* MLPs offer relatively high yields and cash distributions
* New products give investors easier access to MLPs
* But advisers warn of dangers of overheating in sector
NEW YORK, Aug 31 (Reuters) - Investors in search of a decent yield are piling into master limited partnerships (MLPs), creating a concern among some advisers that there may be a bubble forming in this once quiet segment of the market.
A range of new exchange-traded products and mutual funds has made it easier than ever for retail investors to access MLPs.
“The floodgates have opened,” said Bill Parsons, a financial adviser at Scottsboro, Alabama-based Mainsail Asset Management. “But ultimately it’s a small-capacity asset class and it’s limited as to how much money can pile in.”
The market capitalization of MLPs is currently around $193 billion, up from just $71 billion in 2005, according to Wells Fargo & Co WFC.N.
The attraction is easy to see.
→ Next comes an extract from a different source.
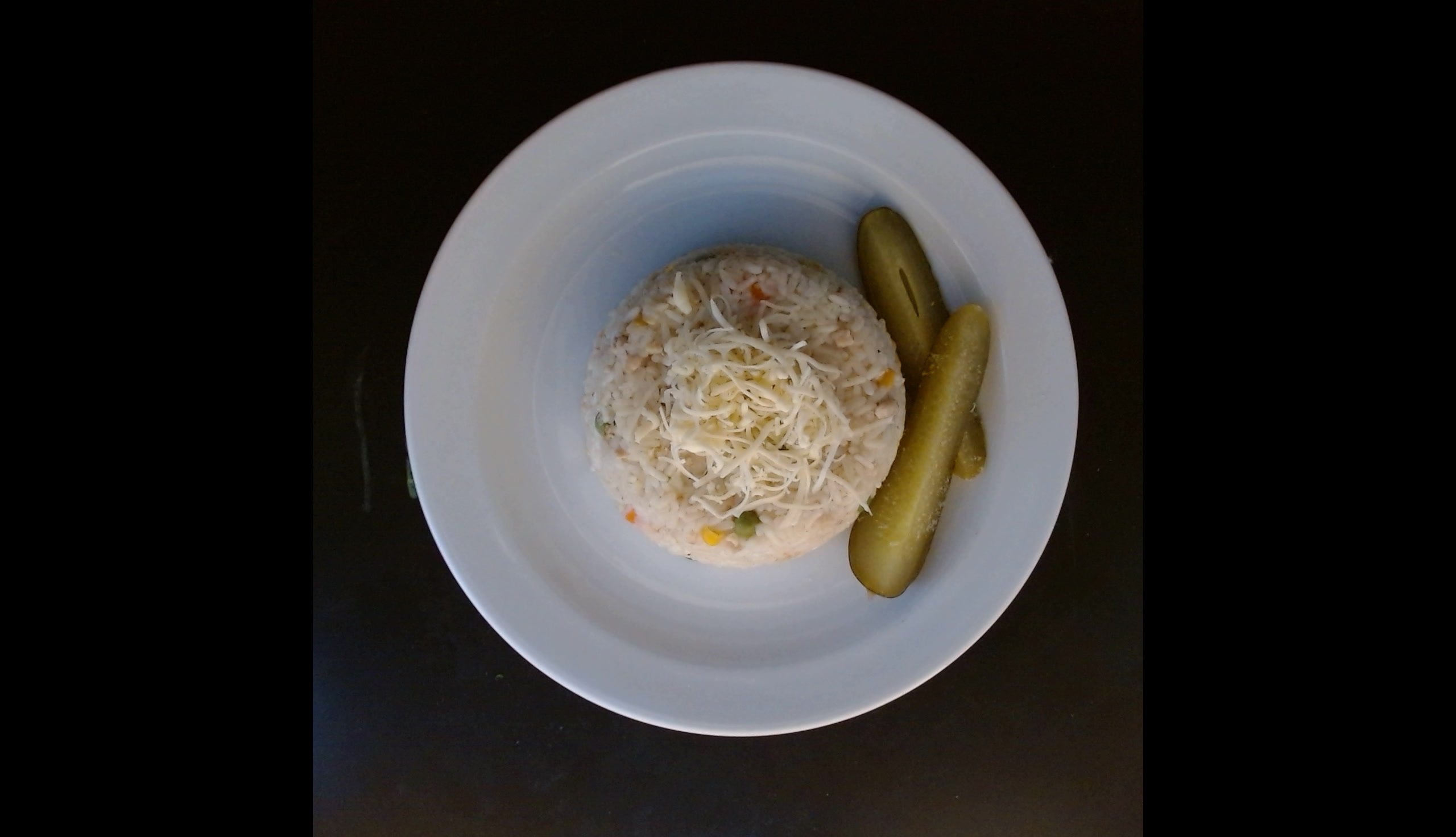 Rizoto z kuřecího masa, okurka, sýr

These publicly traded partnerships, which are mostly invested in the energy sector, provide investors with relatively high and predictable cash distributions. The majority of the distributions are tax-deferred until the investor sells the shares.
The average yield on MLPs is currently around 5 to 7 percent, versus 2.5 percent for 10-year Treasuries. MLP yields are projected to grow by 5 percent per year, according to Morningstar Inc MORN.O.
Still, this is not the place for bargain-hunters. During the downturn, the Alerian MLP Index, which tracks 50 of the largest energy MLPs, more than halved in value, trading at $152 in November 2008. It is now back up to around $320. Morningstar analyst Jason Stevens believes the investments are now fairly priced.
A range of new financial products is likely to create even more interest in MLPs.
Last week, Alerian launched the first MLP exchange-traded fund designed to track the Alerian MLP Infrastructure Index. This follows the MLP exchange-traded notes (ETNs) unveiled by both UBS UBSN.VX and Credit Suisse CSGN.VX Cushing earlier this year, which provided some competition to JPMorgan Chase & Co's JPM.N ETN launched in April 2009. SteelPath Fund Advisors also launched the first MLP open-ended mutual funds in March.
The expense ratio on the ETF and ETNs is 0.85 percent, while the mutual funds charge around 1 to 1.5 percent.
By using exchange-traded products and mutual funds, investors also avoid the tricky tax forms, (a K1 instead of the usual 1099) that direct investors in the partnerships receive.
Parsons, the Alabama-based adviser, is concerned that a rush of new retail investors may drive yields lower while increasing risk. Institutional investors tend to avoid MLPs due to tax complications.
“They’re hot right now and they’re attracting a lot of money, but retail investors are fickle and can sell in a panic,” said Parsons, who invests selectively in MLPs.
All of the hype has also given some investors the false impression that MLPs are risk free, Parsons added.
As MLPs distribute the majority of their earnings to their shareholders, they rely heavily on being able to tap the credit markets to fund new projects. When the markets froze, the investments plunged.
Morningstar’s Stevens described the threat of another credit crunch as the “sword that hangs over the head of MLPs.” Still, he added that during the downturn, the majority of MLPs managed to maintain their distributions to investors, in contrast to a number of companies that cut or eliminated their dividends.
Lee Munson, an adviser at Albuquerque, New Mexico-based Portfolio LLC, said MLPs are the “secret sauce” of his clients’ portfolios and he invests around 10 to 25 percent of an average portfolio in the assets. But he also preaches caution.
“Everyone is talking about them but this is a tiny market and it’s misunderstood,” he said.
Munson recommends sticking to large cap offerings as smaller partnerships can be volatile and are more likely to cut their distributions.
He and Parsons both agree that while MLPs can provide a nice income stream it is essential to diversify client portfolios.
“It has been an important asset class,” said Parsons. “But at the end of the day, it’s not a silver bullet so make sure you don’t overallocate.”